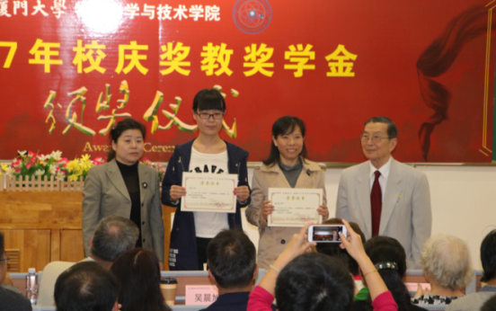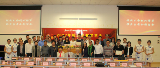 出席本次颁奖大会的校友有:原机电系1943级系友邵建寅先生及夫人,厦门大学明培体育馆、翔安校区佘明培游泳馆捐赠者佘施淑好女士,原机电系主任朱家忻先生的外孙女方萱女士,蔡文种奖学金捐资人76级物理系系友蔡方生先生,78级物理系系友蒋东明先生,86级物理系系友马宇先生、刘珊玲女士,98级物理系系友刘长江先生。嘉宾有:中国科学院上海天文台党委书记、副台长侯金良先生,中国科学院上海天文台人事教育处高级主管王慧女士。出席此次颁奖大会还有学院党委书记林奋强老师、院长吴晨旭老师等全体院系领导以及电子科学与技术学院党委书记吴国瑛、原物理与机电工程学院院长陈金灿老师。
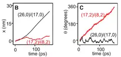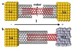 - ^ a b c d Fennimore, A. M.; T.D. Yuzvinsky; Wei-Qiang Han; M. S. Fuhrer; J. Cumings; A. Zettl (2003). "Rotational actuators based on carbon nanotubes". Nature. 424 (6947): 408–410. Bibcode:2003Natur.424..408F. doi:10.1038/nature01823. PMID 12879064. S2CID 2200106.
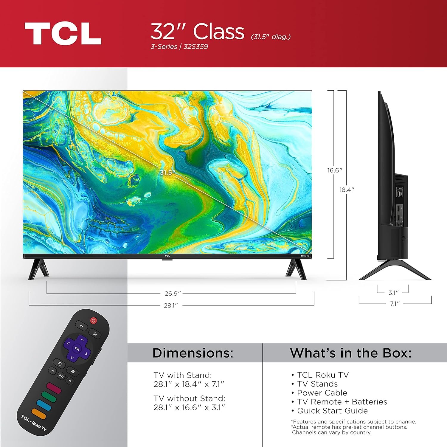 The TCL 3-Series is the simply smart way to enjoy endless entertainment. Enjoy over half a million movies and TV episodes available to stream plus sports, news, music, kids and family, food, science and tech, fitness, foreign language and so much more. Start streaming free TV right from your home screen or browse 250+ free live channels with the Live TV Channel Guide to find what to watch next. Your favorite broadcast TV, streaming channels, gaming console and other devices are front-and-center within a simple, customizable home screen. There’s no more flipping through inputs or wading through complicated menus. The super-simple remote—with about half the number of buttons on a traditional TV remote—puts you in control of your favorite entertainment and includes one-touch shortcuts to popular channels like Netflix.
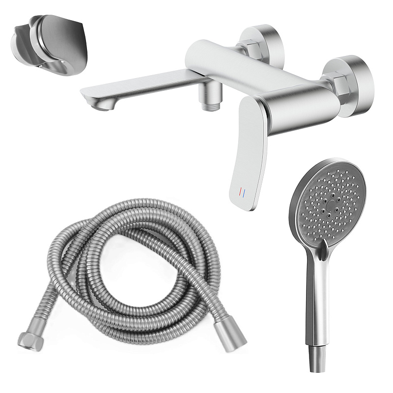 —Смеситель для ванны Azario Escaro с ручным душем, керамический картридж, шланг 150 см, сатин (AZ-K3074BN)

▬▬▬▬▬▬▬▬▬▬

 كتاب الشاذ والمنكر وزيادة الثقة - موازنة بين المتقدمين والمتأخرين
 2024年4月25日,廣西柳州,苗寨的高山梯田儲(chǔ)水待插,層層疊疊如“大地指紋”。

▬▬▬▬▬▬▬▬▬▬

The line holding "- ^ a b c d Fennimore, A." starts the copy and the line holding "см, сатин (AZ-K3074BN)" ends it. Repeat those two lines above and all between them exactly, leaving out pictures.

OUTPUT OF THE EXERCISE –
 - ^ a b c d Fennimore, A. M.; T.D. Yuzvinsky; Wei-Qiang Han; M. S. Fuhrer; J. Cumings; A. Zettl (2003). "Rotational actuators based on carbon nanotubes". Nature. 424 (6947): 408–410. Bibcode:2003Natur.424..408F. doi:10.1038/nature01823. PMID 12879064. S2CID 2200106.
 The TCL 3-Series is the simply smart way to enjoy endless entertainment. Enjoy over half a million movies and TV episodes available to stream plus sports, news, music, kids and family, food, science and tech, fitness, foreign language and so much more. Start streaming free TV right from your home screen or browse 250+ free live channels with the Live TV Channel Guide to find what to watch next. Your favorite broadcast TV, streaming channels, gaming console and other devices are front-and-center within a simple, customizable home screen. There’s no more flipping through inputs or wading through complicated menus. The super-simple remote—with about half the number of buttons on a traditional TV remote—puts you in control of your favorite entertainment and includes one-touch shortcuts to popular channels like Netflix.
 —Смеситель для ванны Azario Escaro с ручным душем, керамический картридж, шланг 150 см, сатин (AZ-K3074BN)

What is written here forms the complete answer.